In cases where DKA does occur, early identification and comprehensive evaluation of cardiovascular comorbidities are essential, as their presence independently contributes to adverse in-hospital outcomes. Optimizing multidisciplinary care pathways may reduce complication rates, shorten LOS, and improve survival (35). Furthermore, implementing proactive strategies to prevent and manage major complications is vital for improving recovery (36). Finally, the heterogeneity of outcomes across different CVD subtypes highlights the need for individualized therapeutic approaches.

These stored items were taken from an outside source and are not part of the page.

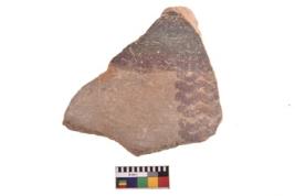 | Description / विवरण | Specimen of potsherd with decorative geometric painting. Type Black on Red Ware . |
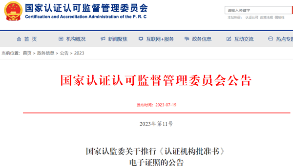 近日,国家认监委发布《关于推行《认证机构批准书》电子证照的公告》,自公告发布之日起,在全国范围内推行应用《认证机构批准书》电子证照,不再印发纸质《认证机构批准书》,进一步提升政务服务标准化、规范化、便利化水平。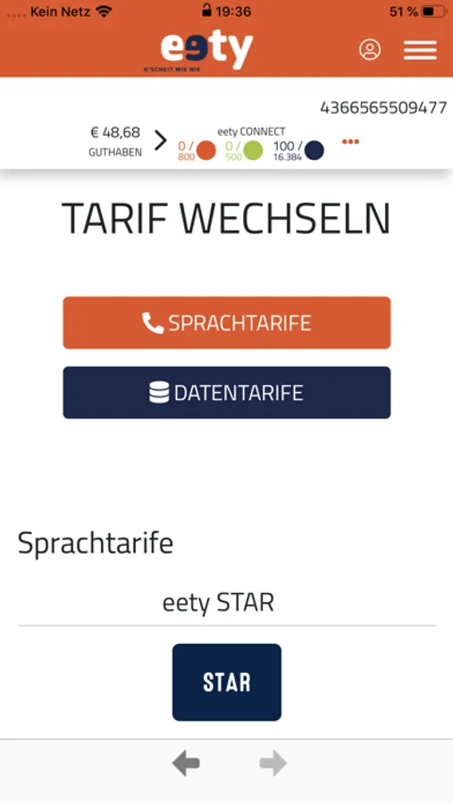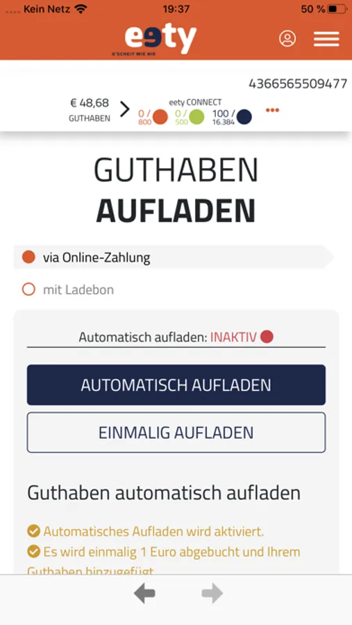 Neben der Übersicht Ihrer verbleibenden Einheiten können Sie auch Tarif wechseln, die automatische Aufladung einstellen und viele weitere Services nutzen.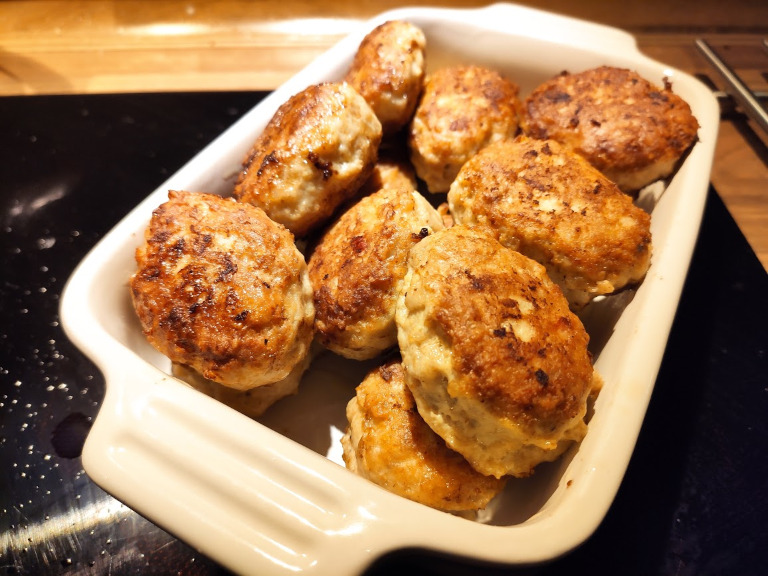 Form farsen til små frikadeller og steg dem på en stegepande.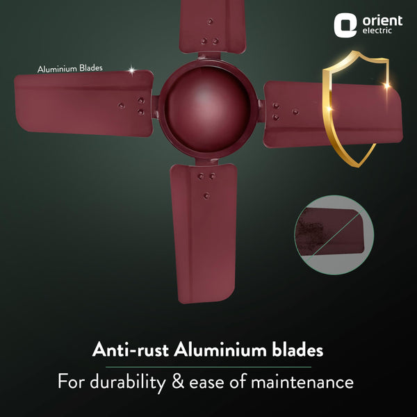 Orient Electric 600 MM New Air Plus | 4 Blade Small Ceiling Fan for Kitchen | 100% Copper Motor | Aluminium blades | 24 Inch Fan | 2 Years Warranty | Brown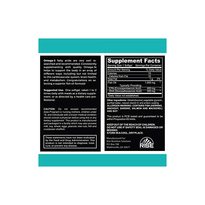 Rise Nutrition Solutions, Elite Omega 3 Suplemento nutricional (aceite de pescado) Frmula - Producto Original de Alta Calidad, Entrega Rápida y Segura

Patients with arrhythmias, pulmonary hypertension, heart failure, and cardiomyopathy may benefit from more intensive management and monitoring, whereas those with stable chronic coronary artery disease, valvular heart disease, or congenital heart disease may require less aggressive intervention.

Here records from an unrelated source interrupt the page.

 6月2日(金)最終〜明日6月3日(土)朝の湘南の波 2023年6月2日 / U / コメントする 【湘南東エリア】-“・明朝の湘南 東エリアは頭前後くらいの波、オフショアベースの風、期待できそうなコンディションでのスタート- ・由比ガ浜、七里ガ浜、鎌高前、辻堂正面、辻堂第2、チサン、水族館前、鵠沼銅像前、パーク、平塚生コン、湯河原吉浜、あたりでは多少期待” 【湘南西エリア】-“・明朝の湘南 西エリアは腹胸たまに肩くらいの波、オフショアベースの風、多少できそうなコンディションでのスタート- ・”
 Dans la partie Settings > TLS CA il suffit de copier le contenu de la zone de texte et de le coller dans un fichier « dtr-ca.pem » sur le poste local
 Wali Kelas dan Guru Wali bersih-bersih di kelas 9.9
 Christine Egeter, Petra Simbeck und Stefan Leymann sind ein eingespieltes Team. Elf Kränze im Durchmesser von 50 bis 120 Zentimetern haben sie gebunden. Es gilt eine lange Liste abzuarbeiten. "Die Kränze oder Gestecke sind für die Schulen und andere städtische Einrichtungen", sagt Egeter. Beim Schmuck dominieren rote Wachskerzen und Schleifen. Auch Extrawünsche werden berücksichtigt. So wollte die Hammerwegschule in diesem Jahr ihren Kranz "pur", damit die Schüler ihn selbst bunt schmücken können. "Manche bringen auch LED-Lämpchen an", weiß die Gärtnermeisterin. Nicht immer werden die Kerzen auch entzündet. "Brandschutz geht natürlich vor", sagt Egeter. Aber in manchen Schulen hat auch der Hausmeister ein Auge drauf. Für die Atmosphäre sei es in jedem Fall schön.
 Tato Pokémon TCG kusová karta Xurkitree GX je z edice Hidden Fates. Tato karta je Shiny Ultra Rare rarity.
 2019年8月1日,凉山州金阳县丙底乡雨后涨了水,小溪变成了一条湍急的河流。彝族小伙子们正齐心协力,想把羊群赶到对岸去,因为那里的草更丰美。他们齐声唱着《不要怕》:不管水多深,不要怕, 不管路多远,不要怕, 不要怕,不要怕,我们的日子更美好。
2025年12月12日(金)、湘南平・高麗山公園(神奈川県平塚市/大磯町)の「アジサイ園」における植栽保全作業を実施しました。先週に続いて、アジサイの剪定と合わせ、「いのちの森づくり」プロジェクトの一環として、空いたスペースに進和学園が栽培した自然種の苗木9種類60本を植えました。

This study has several limitations. First, as an observational study, we can only identify associations rather than prove causality (37). In addition, the reliance on ICD-10 codes for disease classification in the NIS database may lead to errors and misclassifications. We also lacked access to important information regarding the severity of CVD and its underlying causes, both of which are crucial for understanding their effects on outcomes (38). Furthermore, severe DKA is known to be associated with poor outcomes (39). If instances of severe DKA were unevenly distributed between the comparison groups, this could bias our estimates. The NIS database does not provide information on medication adherence or detailed treatment regimens. Poor adherence to guideline-directed therapies may worsen both CVD and DKA outcomes (40). If adherence levels differed systematically between groups, it could confound the observed associations. In addition, the NIS lacks data on lab results (such as pH and ketone levels) and disease duration, which could introduce further confounding factors. Longitudinal glycemic markers (e.g., HbA1c, glucose variability) are also unavailable in NIS. Chronic hyperglycemia may accelerate the progression of CVD and predispose patients to DKA, creating a potential confounding pathway. The introduction of SGLT2 inhibitors has significantly improved the management of type 2 diabetes, particularly in patients with CVD. However, their use has been associated with an increased risk of DKA (41, 42). This paradoxical effect presents an important safety consideration in clinical practice. A significant limitation of this study is the failure to account for the use of SGLT2i among participants, which may affect our understanding of the complex relationship between CVD and DKA outcomes. While our study accounted for key demographic and clinical variables, missing data could still introduce residual confounding. Finally, our analysis emphasizes hospital admissions rather than the specifics of individual patients, potentially overstating the admission rates as the same patients may be hospitalized multiple times. Despite these limitations, our findings offer valuable insights into the interplay between DKA and cardiovascular conditions, highlighting the need for more extensive, controlled prospective studies in the future.

Conclusion

This study highlights the substantial impact of CVD on both clinical outcomes and the economic burden of DKA hospitalizations. CVD not only increases mortality risk but also contributes to higher complication rates, prolonged hospital stays, and greater healthcare costs. These findings underscore the importance of close cardiac monitoring in DKA patients with comorbid CVD, as well as proactive glycemic control in diabetic patients with CVD to prevent DKA onset. A deeper understanding of the interplay between metabolic and cardiovascular pathophysiology may ultimately support more effective risk stratification and improve outcomes in this high-risk population.

Declaration of interest

The authors declare that there is no conflict of interest that could be perceived as prejudicing the impartiality of the work reported.

Funding

The study is funded by the Young Scientists Fund of the National Natural Science Foundation of China (Grant No. 82100930), the Guangdong Basic and Applied Basic Research Foundation (No. 2025A1515012538, No. 2025A1515010231, and No. 2023A1515010452), and the Guizhou Provincial Health Commission Science and Technology Fund (No. gzwkj2025-003).